In this installment of TeachOntario Talks, we are profiling and celebrating the work of Helen Wolfe, OTIP Teaching Award recipient in the Elementary Category, at Nelson Mandela Park Public School in the Toronto District School Board (TDSB).
Now retired after 40 years of teaching, Helen Wolfe’s legacy is her exemplary commitment to students and student learning both inside and outside the classroom. By honouring students’ interests and backgrounds, she equipped many learners with the competencies needed to be effective citizens of the 21st century.
Helen’s commitment to lifelong learning helped promote student agency. She remained apprised of current research and technology and challenged herself by welcoming opportunities in various roles such as literacy coach, librarian, and reading teacher. This learning culminated at Nelson Mandela Park Public School where Helen continued to cultivate student voice and choice as a classroom teacher.
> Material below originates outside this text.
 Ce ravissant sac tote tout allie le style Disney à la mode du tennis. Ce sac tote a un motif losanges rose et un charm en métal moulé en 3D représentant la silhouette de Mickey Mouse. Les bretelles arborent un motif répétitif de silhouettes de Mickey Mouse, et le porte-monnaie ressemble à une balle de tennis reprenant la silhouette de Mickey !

Helen’s students were immersed in comprehensive, cross-curricular, and culturally relevant learning in an environment that honoured and supported high expectations. To create an environment that fostered critical thinking, citizenship, and collaboration, Helen acquired the tools students need to learn in the 21st century. She modeled problem solving, creativity and collaboration for her students and peers by applying for many grants over the years. It is the funding she secured that often afforded the community of learners access to culturally diverse texts and resources. Computers, robots, a 3D printer, circuit boards and wearable technology were available to students to engage in STEM and Maker experiences and to participate in the Girls Crack the Code lunch club. Conferences that exposed students to areas such as coding and media literacy were also organized to enrich learning. Says former colleague, Ajike Akande, “Just the fact that she has been able to open these doors for kids while she herself is learning is so inspiring”.
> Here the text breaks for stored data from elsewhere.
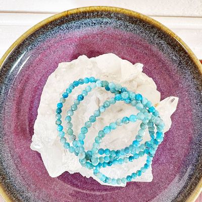These beautiful Blue Apatite bracelets hold so much magic! Blue Apatite is a dual-action stone, known for its positive use of personal power to achieve goals. It clears away confusion, apathy or negativity, then, stimulates the intellect to expand knowledge and truth, which may be used for personal growth or for the collective good. It is a Stone of Manifestation, promoting a humanitarian outlook & service to others.
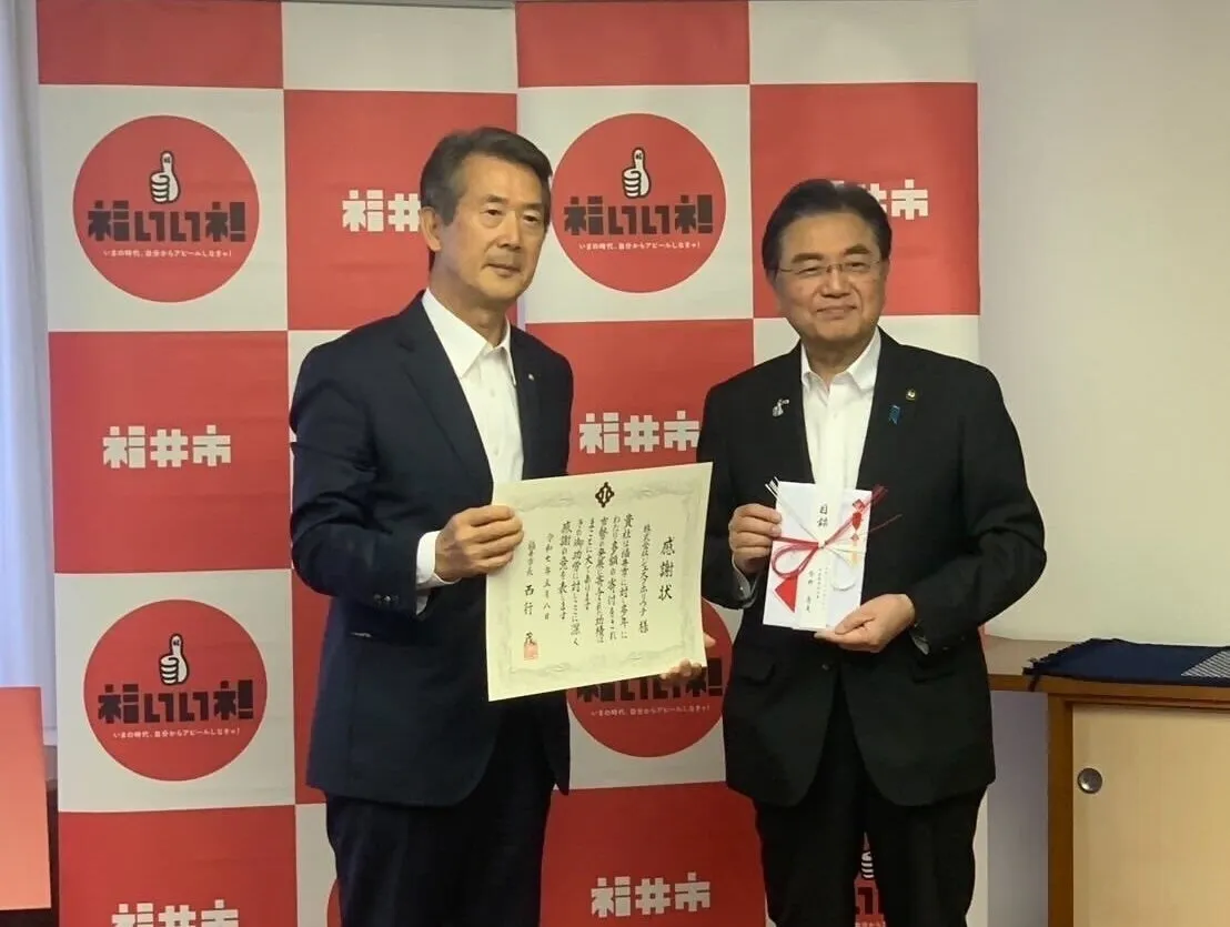 令和7年5月8日に行われた感謝状贈呈式には、株式会社ジェスクホリウチの今井秀夫社長が出席し、西行茂福井市長から感謝の意を表されました。この瞬間は、地域への深い思いを持つ企業と、その支援を受ける市との強い絆を象徴しています。今井社長は「地域の発展に寄与したい」という意気込みを示し、西行市長は「地域の未来を支える貢献に深く感謝します」と述べました。
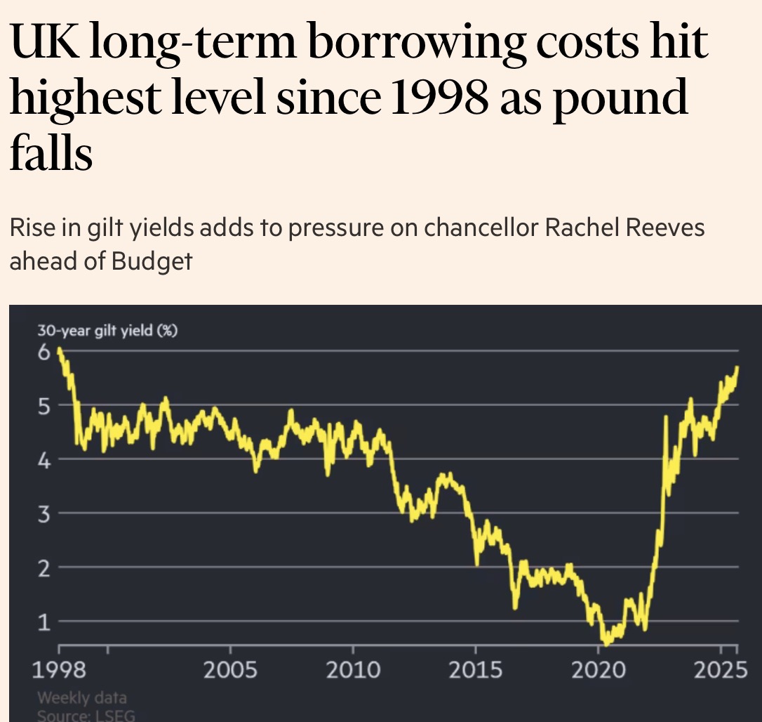 在财政大臣雷切尔·里夫斯为秋季预算做准备之际,30年期英国国债收益率一度上涨0.06个百分点至5.70%,随后小幅回落至5.68%。债券收益率上升意味着债券价格下跌,也显示投资者要求更高的回报来购买英国国债。
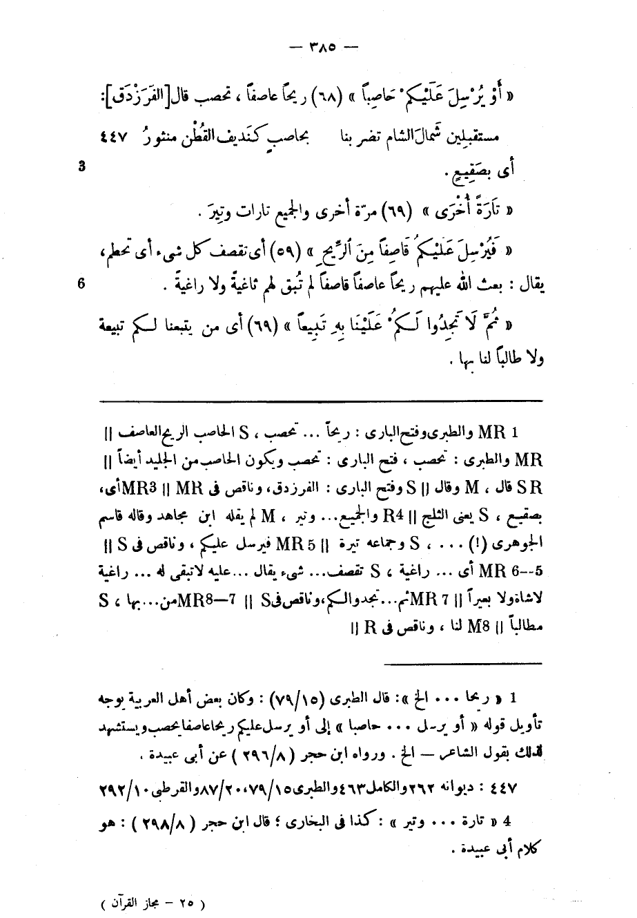 (1) «ريحا ... إلخ» : قال الطبري (15/ 79) : وكان بعض أهل العربية بوجه تأويل قوله «أو يرسل ... حاصبا» إلى أو يرسل عليكم ريحا عاصفا يحصب ويستشهد لذلك بقول الشاعر- إلخ. ورواه ابن حجر (8/ 296) عن أبى عبيدة.
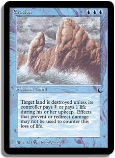 During his or her upkeep, target land's controller pays <1> or 1 life, or target land is destroyed. Effects that prevent or redirect damage cannot be used to counter this loss of life.
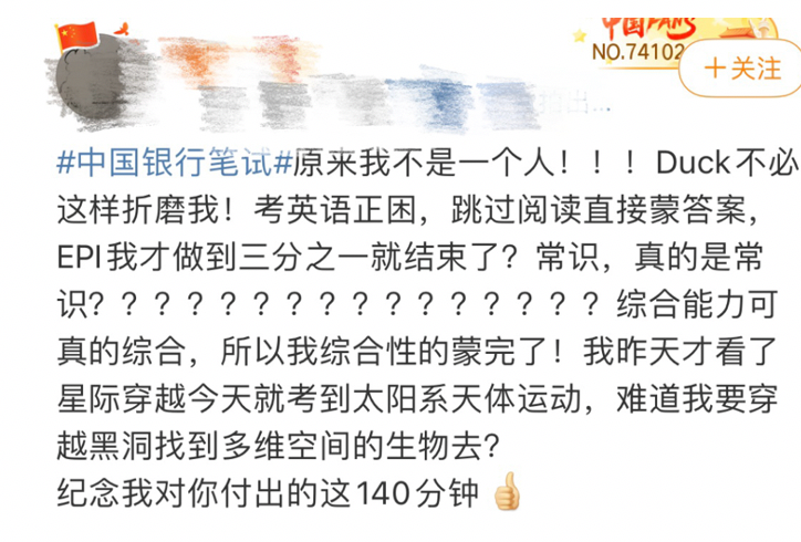 随着中行笔试登上热搜,一场大行热搜接力赛正式打响。
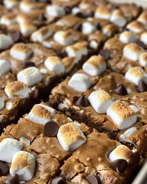 Les blondies S’mores combinent les saveurs nostalgiques des s’mores au feu de camp avec la commodité d’un biscuit en barre. Ce dessert marie la douceur gluante de la guimauve et le goût riche et chocolaté des s’mores traditionnels avec la note réconfortante de caramel d’un blondie classique. Parfaits lorsque vous avez envie de s’mores mais que vous n’avez pas accès à un feu ouvert, ces blondies réunissent le meilleur des deux mondes. Idéals pour les pique-niques, les repas-partage ou une simple friandise familiale, ils sont sûrs de plaire aux enfants et aux adultes.
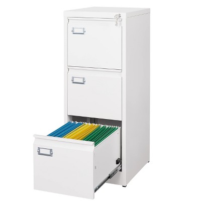 3 Drawer Metal Filing Cabinet, Vertical File Cabinets with Lock Home Office Metal File Organizer,White

Helen valued community connections and ensured that the classroom and her teaching honoured and celebrated the culturally diverse neighbourhood of Regent Park. She established extra tutoring opportunities led by community volunteers, former students, and colleagues. By forging relationships with families and community members, Helen was also able to connect students with mentors and guest speakers. By providing these opportunities, she helped to inspire her students. Julia Pham, for example, began to code and eventually became a programmer herself because Helen brought a computer programmer to school.
Her mission to design relevant and responsive learning environments and experiences led students to achieve success. Helen’s impact as an educator has been profound and she has left a lasting impression in the hearts and lives of her students, colleagues and community partners. Congratulations to Helen Wolfe, OTIP Teaching Award recipient in the Elementary Category.